HD INSIGHTS: Thank you very much for all of your contributions to the HSG and to the HD field. The field certainly wouldn’t be where it is without you and your leadership over the past four decades.
1 Kieburtz K, McDermott M, Como P, et al. The effect of deprenyl and tocopherol on cognitive performance in early untreated Parkinson’s disease. Parkinson Study Group. Neurology.
1994;44(9):1756-1759.
2 The Huntington Study Group PHAROS Investigators. At risk for Huntington disease: The PHAROS (Prospective Huntington At Risk Observational Study) cohort enrolled. Arch. Neurol. 2006;63(7):991-996.
3 Cooperative Huntington’s Observational Research Trial: NCT00313495. [Webpage]. 2014; clinicaltrials.gov/show/ NCT00313495. Accessed 10/7/2014.

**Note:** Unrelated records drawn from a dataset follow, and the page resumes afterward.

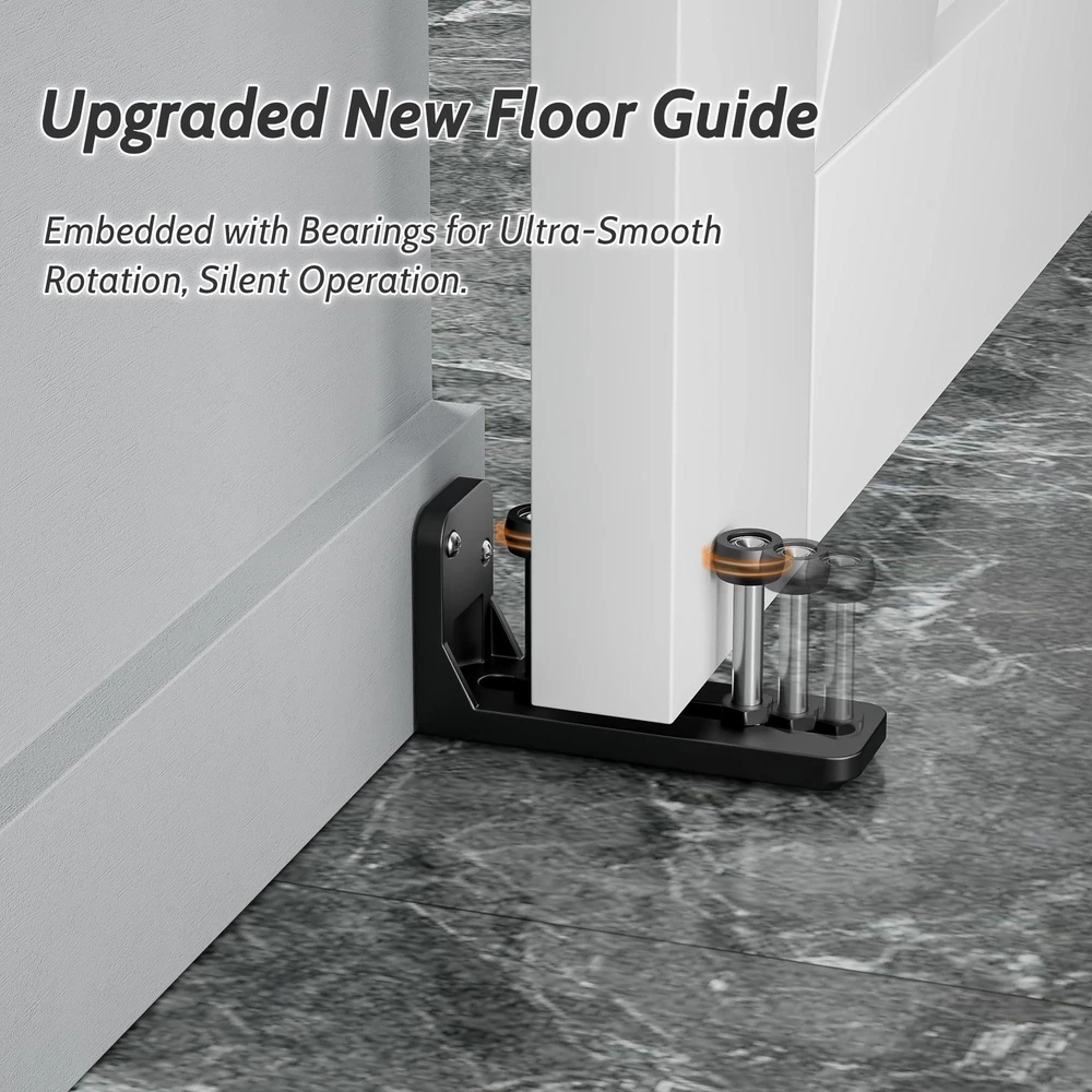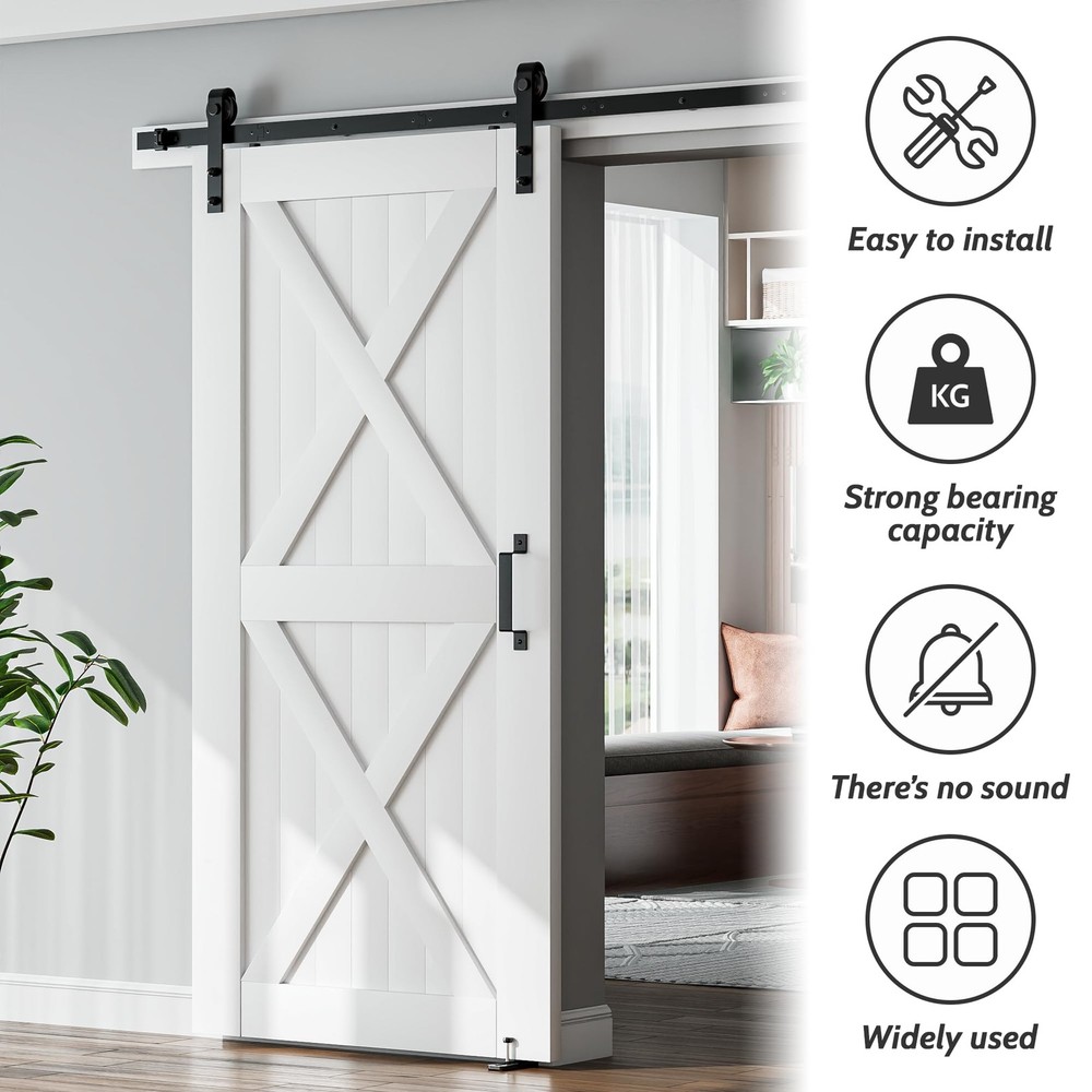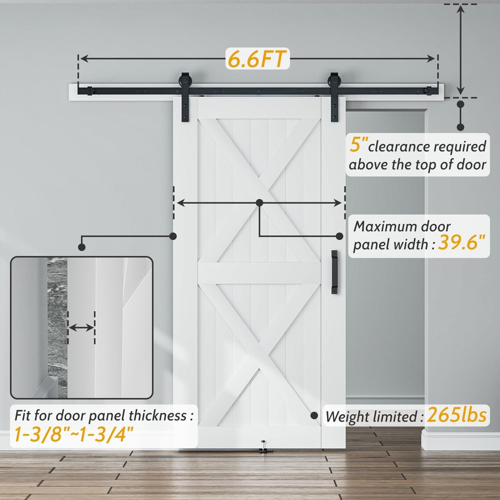 barn door hardware kit set including handle pull,hook,wall mounted floor guide. [INNOVATION DESIGN-LIGHT VERSION] By using the light version carbon steel for barn door hardware system(lighter but hold maximum 265lbs, More stronger and stable), The barn door track will be easy to lift up during installation. Low clearance barn door hardware, Less space required, The barn door roller is shorter, Which make the space required from top of barn door to ceiling will be only 5". [PREMIUM RAW MATERIAL] Barn door hardware kit are made of premium quality carbon steel in thickness of 5/32", Which make the barn door kit system more sturdy and stable durability. The wheel part are made of POM(better than steel, few scratch to barn door track), 2 pcs Bearings in side wheel, All these ensure the sliding will be smoothly and quietly. [REASONS FOR CHOOSING US] Get super quality barn door hardware kit from us ,All the barn door hardware kit have been inspected in factory before delivery,Passed 100,000 times opening and closing test.Get barn door hardware kit with a manufacturer price,why not ? In case you got any confustions on installation or missing parts after got the package ,kindly feel free to via directly ,we will get back to you in 24 hours ,thank you . [EASY TO INSTALL] Barn door track pre-drilled hole space is 16", Step by Step Instruction included. Our Instruction is listing every step for installation from A to Z. You can finish the installation of barn door hardware kit in half an hour if you get 2 workers. In case you get any problem or missing parts during installation, please free feel to via . [SPACE SAVING] Sliding barn door hardware kits provide an excellent solution for space utilization. Unlike traditional sliding doors, barn door systems don't impose limitations on the space behind the door, enabling you to conveniently organize items there. The key benefit of opting for a barn door system is the significant enhancement in spatial efficiency, which ultimately contributes to a neater and more organized space.ONLY BARN DOOR HARDWARE KIT INCLUDING ,BARN DOORS ARE NOT INCLUDED.
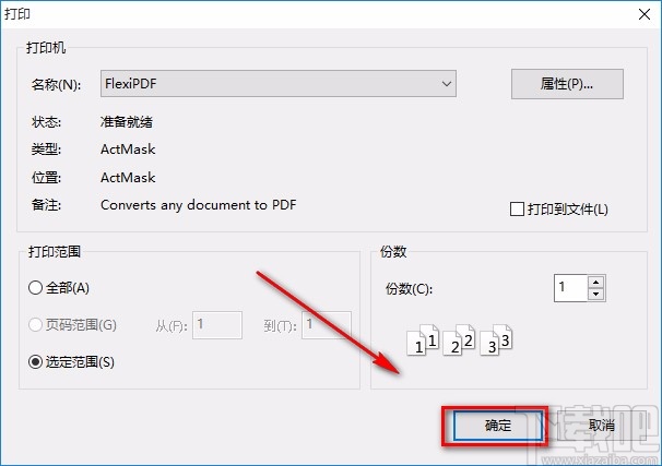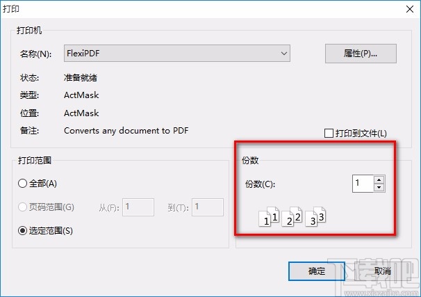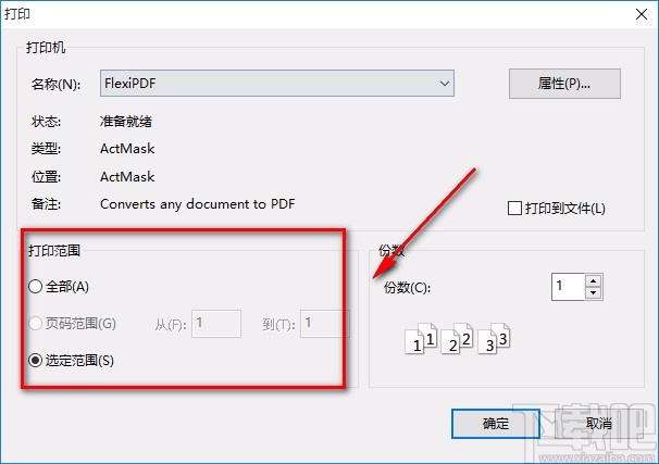5.接下来在窗口右侧找到“份数”选项,我们根据自己的需要,在该选项后面的文本框中输入需要打印的页数范围。
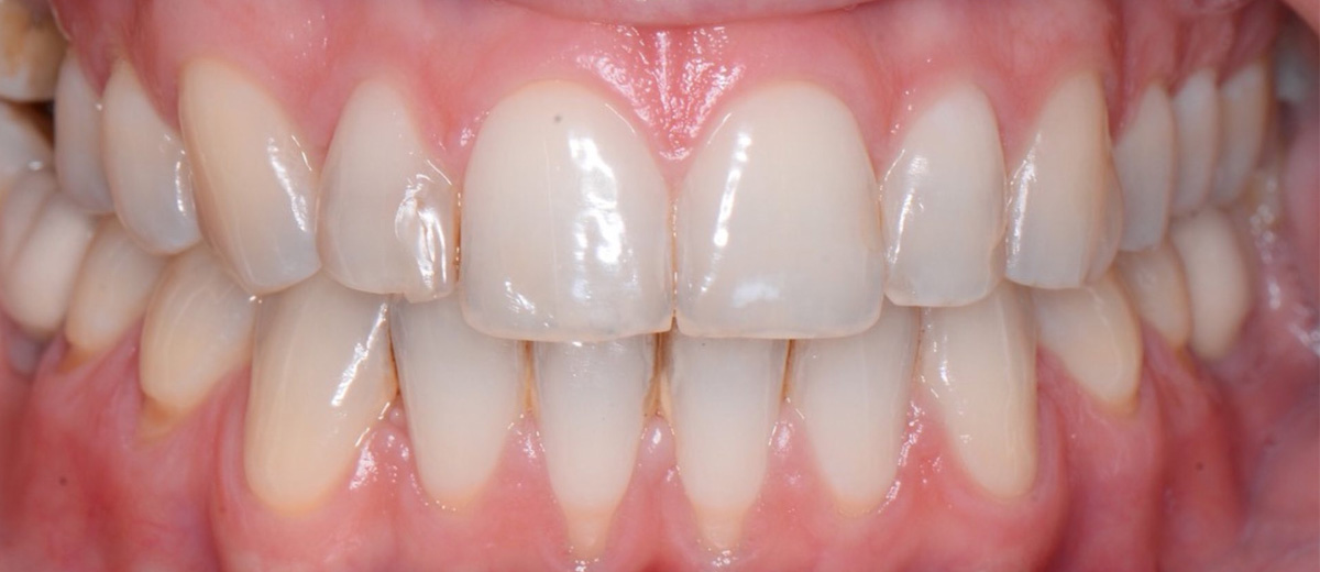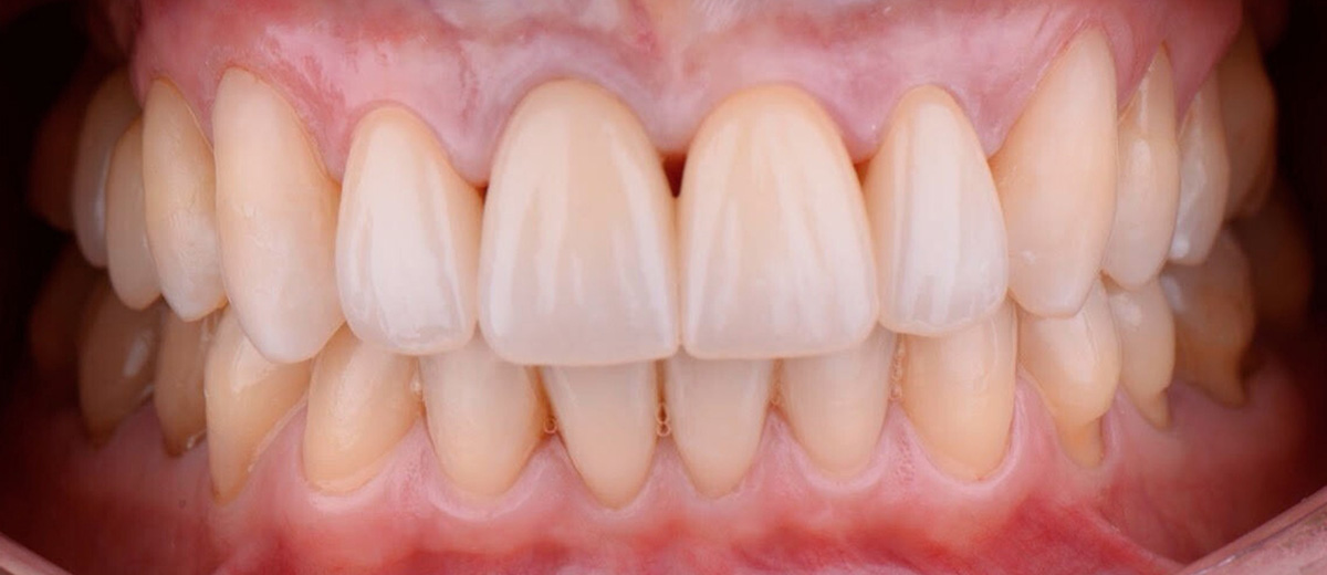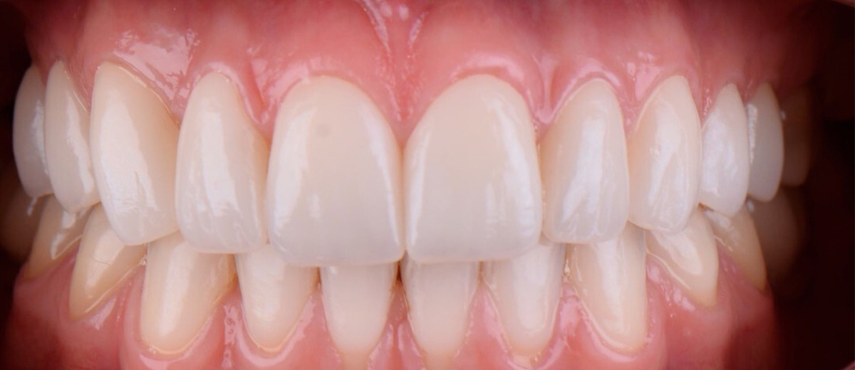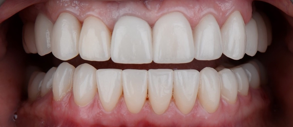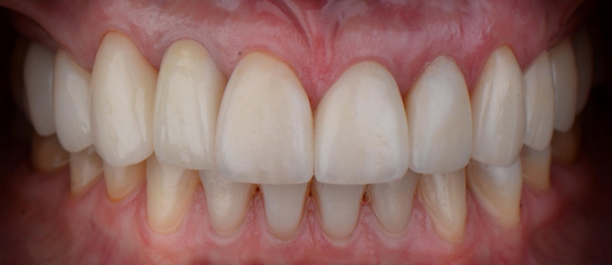 Po zakończeniu leczenia ortodontycznego przyszedł czas na etapy protetyczne. Na górnym łuku zębowym wykonaliśmy korony oraz licówki pełnoceramiczne, które nie tylko poprawiły estetykę uśmiechu, ale również przywróciły pełną funkcjonalność. W dolnej części zębów zastosowaliśmy bonding i odbudowy kompozytowe typu flow injection, co idealnie dopełniło efekt końcowy.

4 Biglan KM, Dorsey ER, Evans RV, et al. Plasma 8-hydroxy-2′- deoxyguanosine Levels in Huntington Disease and Healthy Controls Treated with Coenzyme Q10. JHD. 2012;1(1):65-69.
5 Dorsey R, Biglan K, Eberly S, et al. Use of Tetrabenazine in Huntington Disease Patients on Antidepressants or with Advanced Disease: Results from the TETRA-HD Study. PLoS currents. 2011;3:Rrn1283.
6 Lannfelt L, Blennow K, Zetterberg H, et al. Safety, efficacy, and biomarker findings of PBT2 in targeting Abeta as a modifying therapy for Alzheimer’s disease: a phase IIa, double-blind, randomised, placebo-controlled trial. Lancet neurol. 2008; 7(9): 779-786.